C: untreated; T: treatment with fresh rhTGF-β3; PBS-T: treatment with PBS-incubated rhTGF-β3; and EMLDS-T: treatment with EMLDS-released rhTGF-β3. The assays for the Day 3 and Week 2 EMLDS-T clearly demonstrate the phosphorylation of TGF-β3 RII and the downstream molecule of Smad2.

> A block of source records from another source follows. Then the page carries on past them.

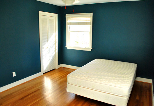 Terminamos de pintar o quarto de hóspedes. E ele é muito ousado. Sério, é como nenhum outro cômodo que já pintamos antes. E nós adoramos. Com urv maiúsculo. Esta é provavelmente a foto mais precisa (bem, acho que é tão precisa quanto seu monitor) do azul-petróleo escuro que escolhemos:
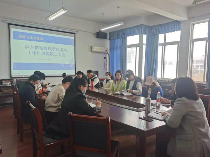 为落实学校“四风”建设的工作要求,形成良好校园环境,OK138太阳集团思政与体育课部于11月17日下午1时在学校知远楼408会议室召开学习贯彻教风学风考风工作作风教职工大会,思体部全体教师参与此次会议。
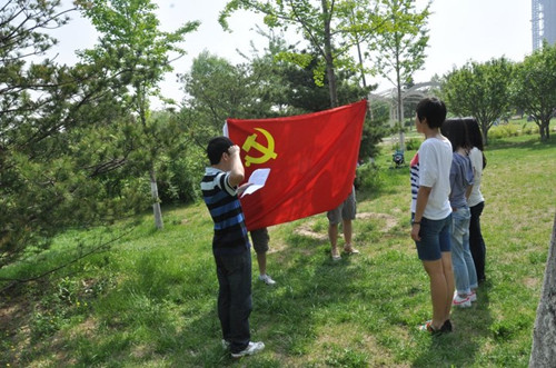 这天阳光明媚,微风习习,奥体森林公园层峦叠翠,水波粼粼。同学们踏着浓浓的春意来到奥林匹克森林公园。首先进行的4名积极分子于琰、宋应娇、李双、蔡宸美同志的的入党仪式。背靠着青山绿水,在所有党支部成员见证下,四名同志郑重地宣读入党申请书,并深情回顾了她们的成长历程,讲述党的光芒是如何在孩提时代洒向了心间、播下了种子,讲述了这信念之花是如何在自己成长历程中破土而出,生根发芽。正值开花之际,映着蓝天碧草,党员们分别投下庄重的一票。面对庄严的党旗,他们激情嘹亮地宣誓,用心和行动成为一位名副其实的中共预备党员。同时,其余入党积极分子表示以党员为目标,向他们学习,努力提高自己,不断完善自己,争取早日加入中国共产党这个大家庭。
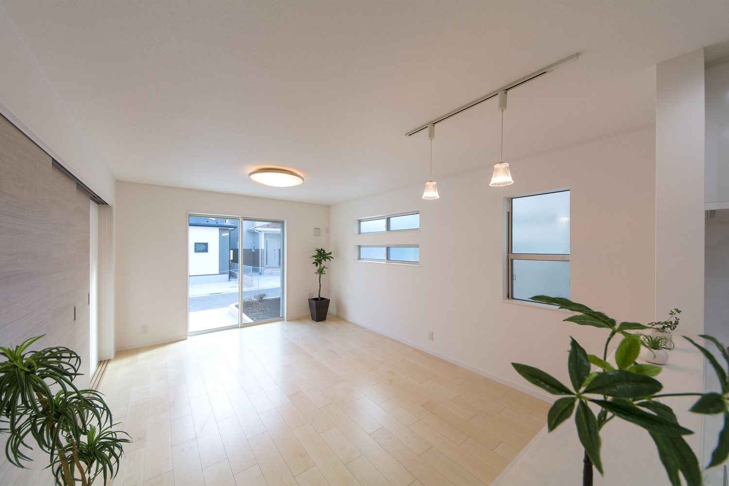窓から自然のやさしい光が降り注ぎ、明るく開放的なリビング空間に。
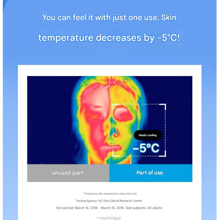 • Мгновенное охлаждение до −5 °C – Доказано, что немедленно снижает температуру кожи (Тест Исследовательского центра дерматологии KC, 2018.03.14–15, 20 участников)
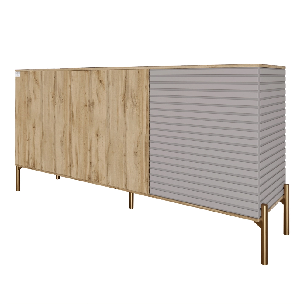 Комод закритий у вітальню на золотих металевих ніжках LION Грей 154x38x76,5 см Дуб Аппалачі/Кашемір
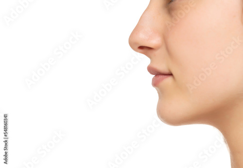 © vladimirfloyd, Obraz premium Closeup profile of female s nose and lips with no makeup on a white background
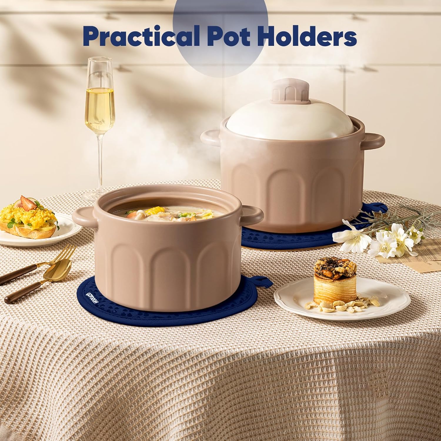 Oven Mitts and Pot Holders 4 Sets, Heat Resistant 500 ℉ Oven Mitt and Pot Holder,Oven Glove&Potholders with Non-Slip Silicone Surface,Kitchen Essentials for Cooking/Baking/BBQ-Marine Blue
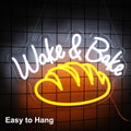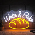 - ?Bakery Room Decor?Wake & Bake neon LED sign is definitely a good choice to decorate bedroom, kitchen, restaurant, bake house, bakery, cafe, dessert shop or birthday party, etc. It is also an exquisite gift for bread enthusiasts.
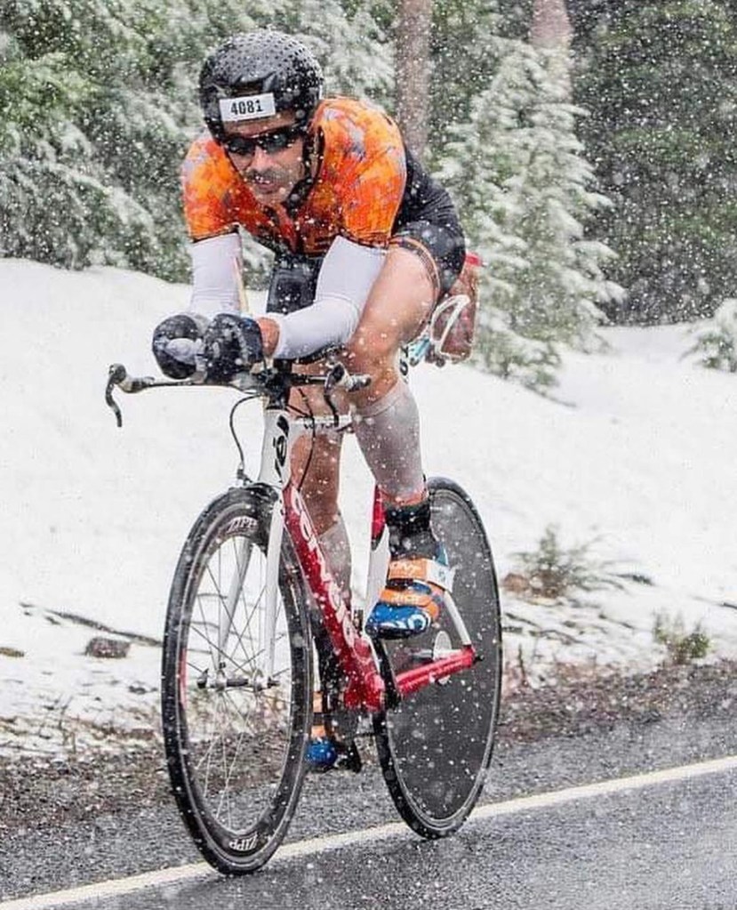 I had the best transitions of the day, and got out of T1 second overall behind leader, first year pro triathlete Devin Volk. Elliot was right behind me. I got right to work, knowing he would come by soon. The only time I was passed that day was by the second place male, pro triathlete Evan Price, at mile 6, and again by Elliot at mile 10. “GO ICEMAN!” I shouted, referencing Top Gun (one of my favorite movies that we happened to watch pre-race). From there, my only mission was to keep Elliot in sight. I let him drift away almost immediately – I have raced at altitude many times and know to check my ego when it comes to chasing. Matches burn brighter the higher you are! The first hour on the bike was a lot of climbing, so we were the warmest and the lowest altitude-wise at that time. Around mile 16, it began to rain. Around mile 22, it began to snow. Lightly at first, and then steady, heavy precipitation. I kept my eyes on Elliots blue kit and white helmet, refusing to look anywhere but forward. The hands and feet had never gained feeling out of the water, but seemed to steel to the numbness over time. I knew from racing Boston in 2018 to not get behind in calories so I clawed at my gels with my frozen hands until I got them between my teeth, the process taking up to 5 minutes sometimes.
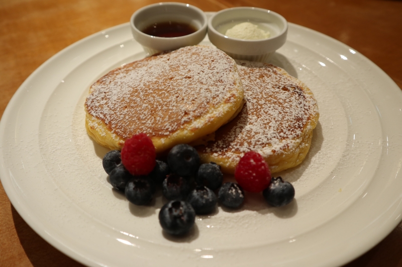 スイーツ系の朝食として、「フラッフィーフレンチトースト」または「レモンリコッタパンケーキ」のどちらかを選べます。どちらもとってもふわふわの食感で、大変人気のあるスイーツメニューです。
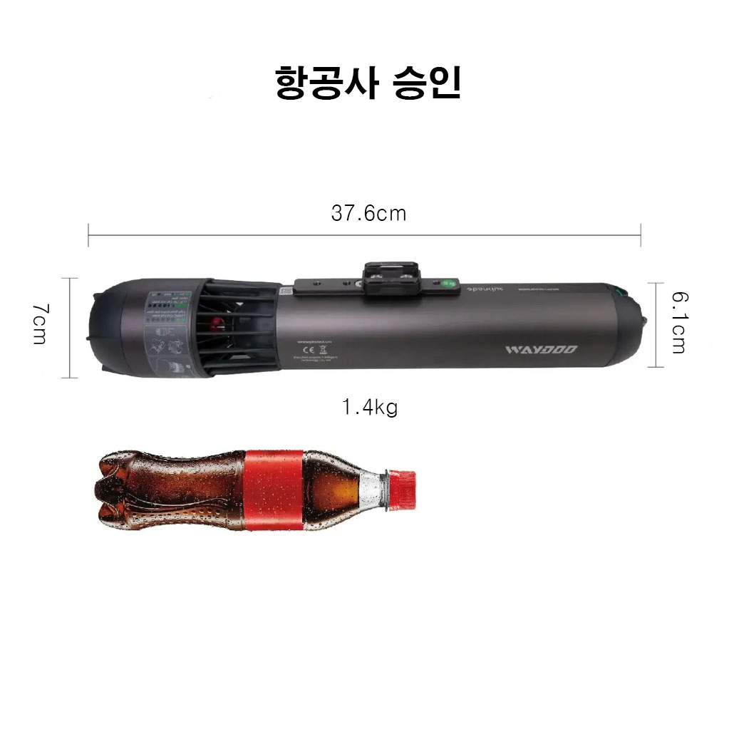 길이 38cm, 폭 6cm에 불과한 서브나도(Subnado)는 스타일리시하고 슬림한 컴팩트 디자인으로, 휴대가 간편하며 제한된 여행용 수하물 공간을 더 효율적으로 사용할 수 있습니다. 무게는 단 1.4kg로, 일반 수중 스쿠터보다 50% 가볍습니다. 여행 시 가벼움은 곧 부담 없는 이동을 의미합니다. 또한 내장된 98Wh 배터리는 항공사 승인 배터리로, 기내 수하물에 그대로 넣어 전 세계 어디든 자유롭게 여행할 수 있습니다. * 리튬 이온 배터리는 와트시(Watt-hour) 용량이 100Wh를 초과하지 않아야 합니다. (미 연방항공청 기준)
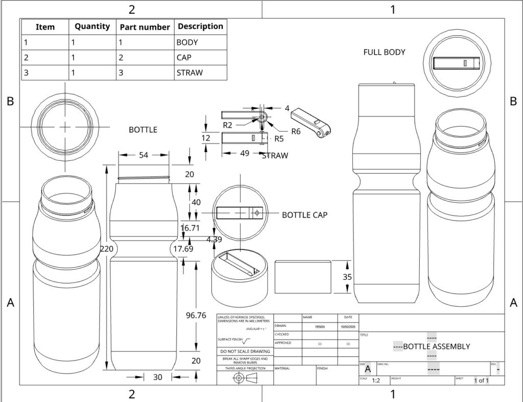 This drawing includes a BOM, dimensions, scale, a front, top and isometric view for each part as well as the whole assembly. With this drawing all requirements are achieved.
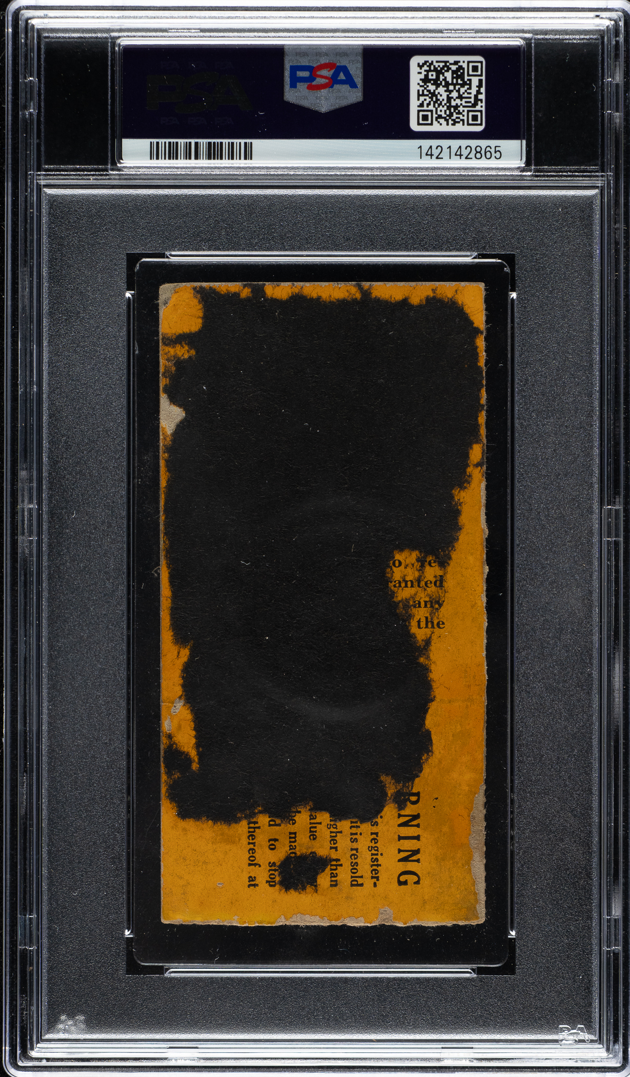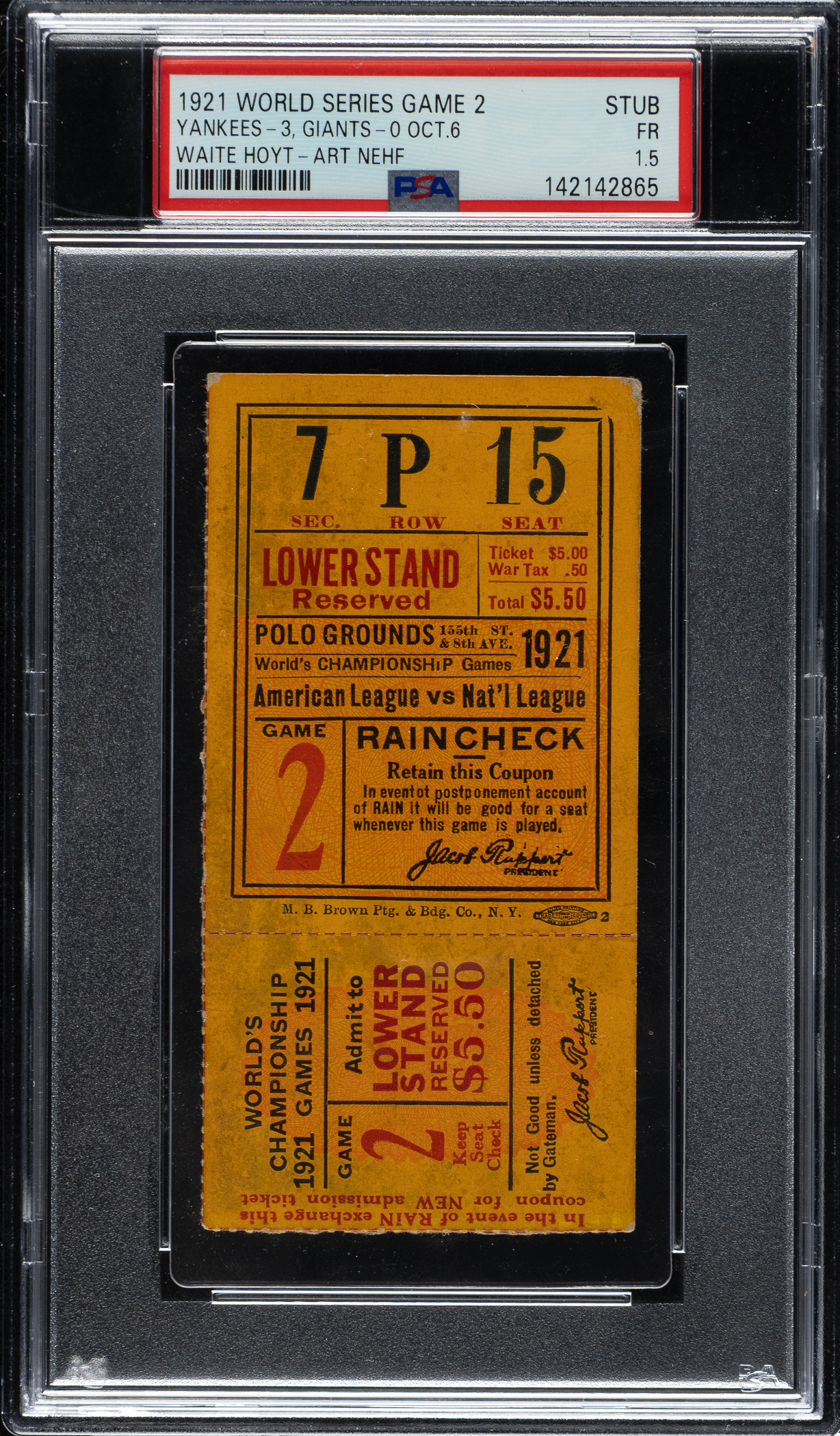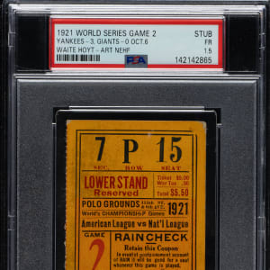 Ticket stub issued for Game 2 of the 1921 World Series between the New York Giants and New York Yankees, held on October 6th at the Polo Grounds. Graded FAIR 1.5 PSA. The Yankees defeated the Giants 3-0 in Game 2, which was highlighted by Babe Ruth's two stolen bases. The Giants defeated the Yankees in eight games (the Series was best of nine in 1921). 1921 marked the first World Series in New York Yankees franchise history, making this a historically important ticket. The ticket stub (2-1/8 x 4-1/4 inches) displays back damage.
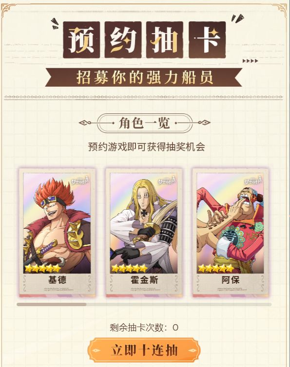 新手角色选择,新手玩家用什么角色能让你轻松开局?并且强度在线呢?游戏可以使用6名角色,3个为上战角色,3个是备选角色,在战斗中可随意切换,这里提醒兄弟们,新手阶段就可以拿到一个老沙,那么多出来的抽奖卷我们可以直接抽艾斯,给兄弟们整理下前期适用性非常高的角色,艾斯,老沙,薇薇,基德,塔希米,索隆,山治,还有我们新世界的路飞,其中老沙和路飞是稳定获取的,基德可以代替索隆,娜美可以代替薇薇,山治有特效。
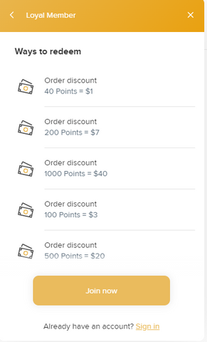 - 40 point redeem $1 coupon for order over $40
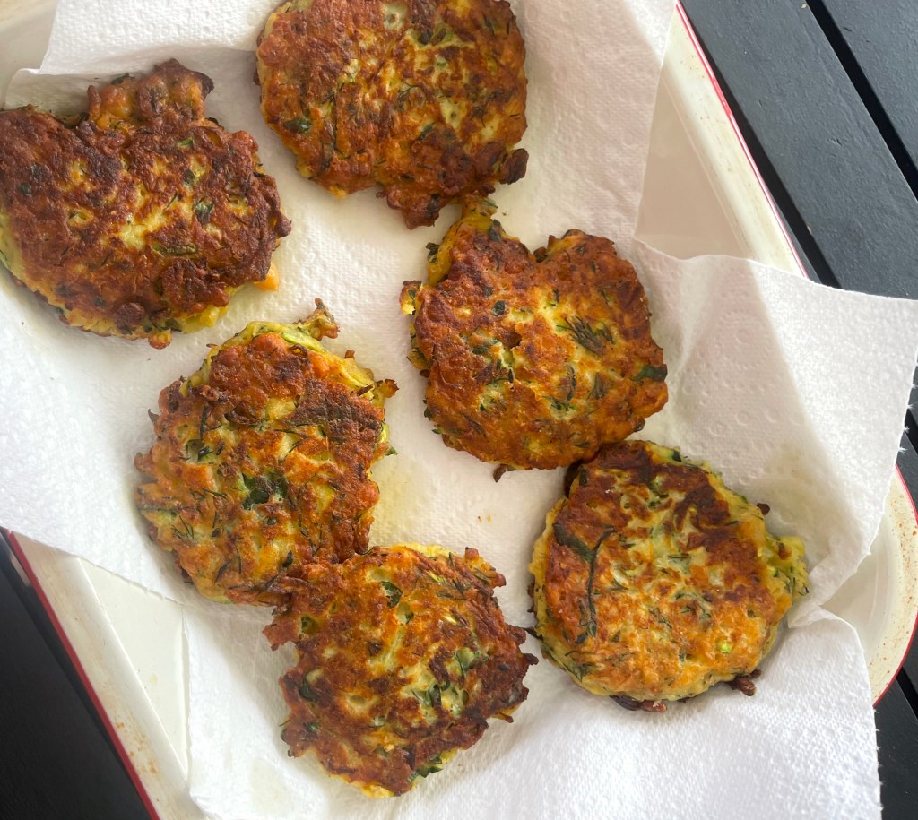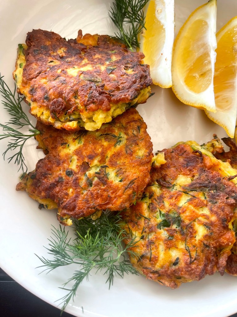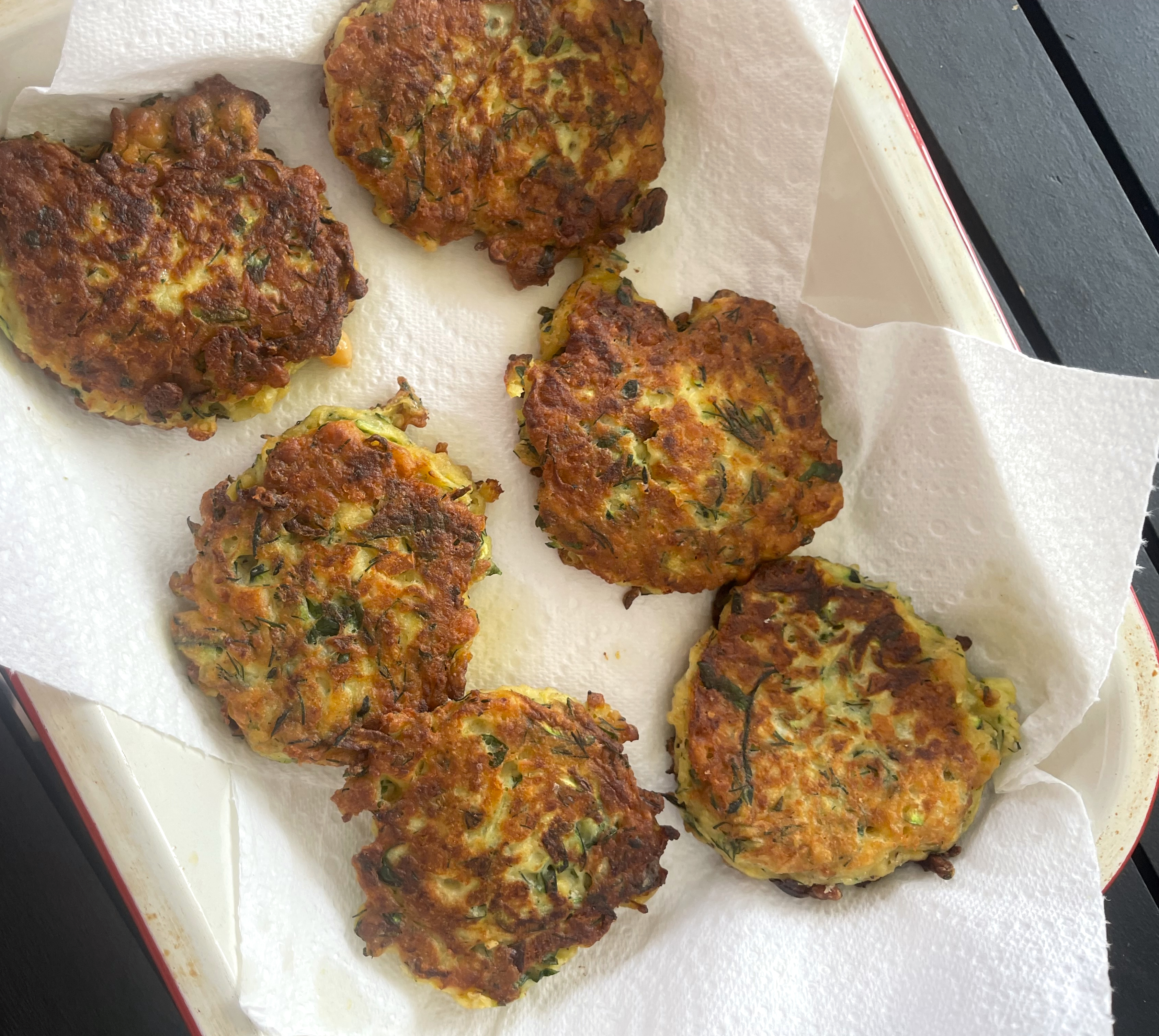 There is something very uber-hausfrau and satisfying about making a really delicious dinner when the cupboard is almost bare but you don’t have to wait for a scarcity event to make these fritters. They are the sort of recipe you can have on regular weeknight rotation. Quick and easy and you can have dinner on the table in no time. They also make excellent lunchbox leftovers the next day which I think is always something to consider for your midweek meal rotations.

https://doi.org/10.1371/journal.pone.0156292.g005

In vitro chondrogenesis

The effect of the released rhTGF-β3 on the chondrogenic differentiation was assessed histologically after four weeks in the pellet culture. Fig 6 depicts the histological conditions of the pellets after four weeks, when the cytoplasm was stained with fast green/Safranin-O and the negatively charged GAGs were stained red. The positive effects on the cartilage formation of releasing the rhTGF-β3 were clearly confirmed at four weeks. While the (-) rhTGF-β3 (MSCs) and single-time rhTGF-β3-treated (MSCs+Ti) groups did not have GAG formation, the rhTGF-β3 released from the EMLDS-treated (MSCs+Tm) and continuously rhTGF-β3-treated (MSCs+T) groups exhibited well synthesized chondrogenic GAGs. This cell pellet model revealed that the rhTGF-β3 released from the EMLDS exerted biological effects on the chondrogenesis of MSC and could enhance cartilage formation.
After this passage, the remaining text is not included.